Uzm. Dr. Ayşe Yener Güçlü, bel sağlığını korumak için bazı önemli önerilerde bulundu:
- Ağırlık taşırken yükü eşit olarak dağıtın ve dizlerinizi kırarak, belden eğilmeden cismi alın.
- Yüksek topuklu veya topuksuz ayakkabılardan kaçının; ayakkabılarınızın topukları normal yükseklikte ve yumuşak olmalıdır.
- Bel rahatsızlığı geçirdiyseniz, jimnastik ve ağır spor aktivitelerinden uzak durun; bunun yerine yürüyüş veya yüzme gibi sporları tercih edin.

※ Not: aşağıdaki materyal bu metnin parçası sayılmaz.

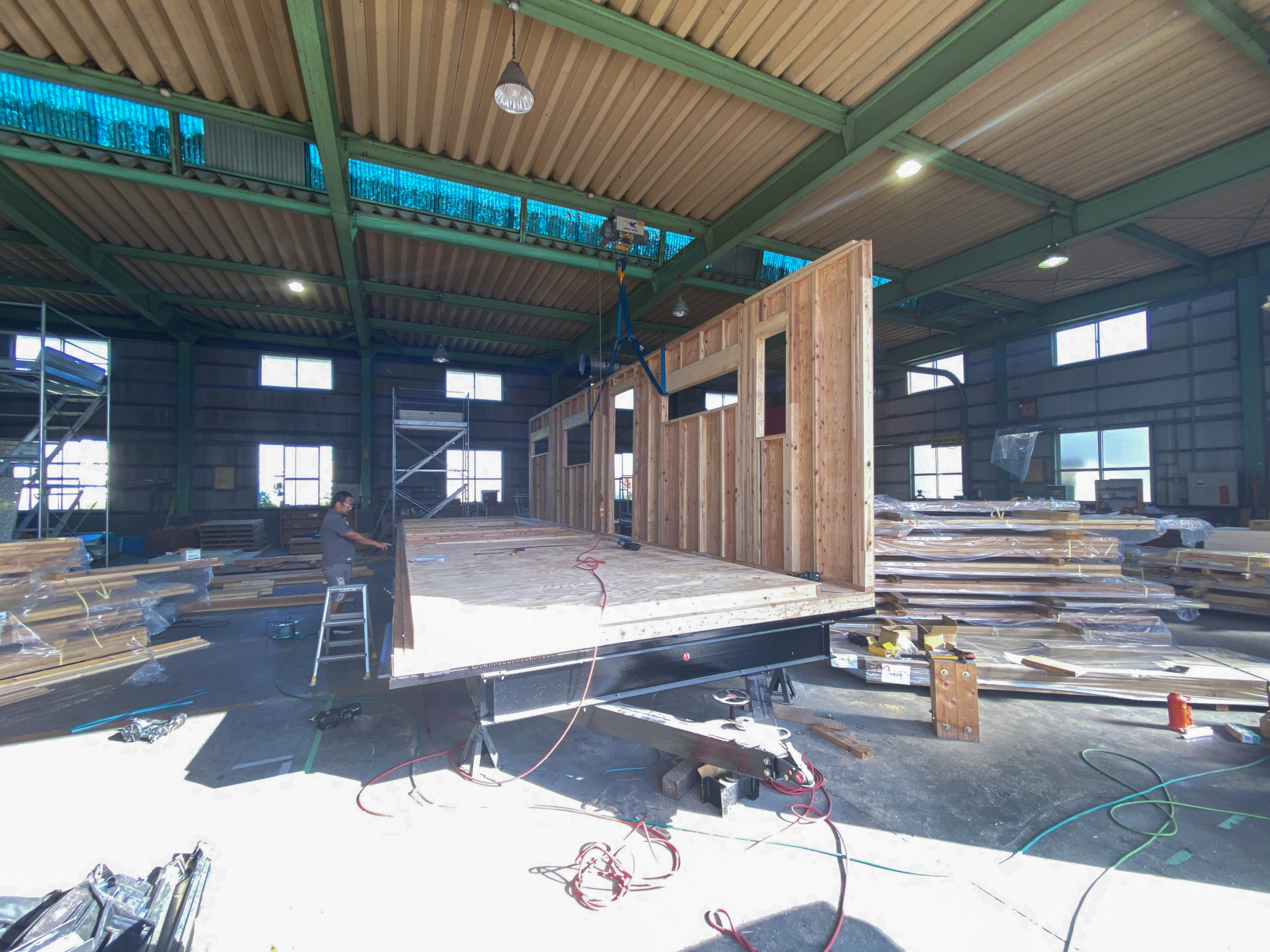 トレーラーハウス専門店『F.T-BASE』自社工場にて、新しいトレーラーハウスの製作が進行中です。

- Yüksek bir yere eşya koyarken ayağınızın altına bir yükseltici koyarak uzanmaktan kaçının.
- Aşırı kilo almaktan kaçının ve otomobil kullanırken, koltuk belinizi destekleyecek şekilde ayarlanmalıdır.
- Ortopedik yataklar kullanın ve yan pozisyonda uyuyarak omurganızın fizyolojik kıvrımlarını koruyun.
- Bilgisayar başında çalışırken, başınız dik olmalı ve belinizi destekleyici unsurlar kullanmalısınız.
- Herhangi bir bel rahatsızlığı geçirdiyseniz, doktorunuzun önerdiği egzersizlere düzenli olarak devam edin ve egzersiz sonrasında şiddetli bir rahatsızlık hissederseniz mutlaka bir uzmana danışın.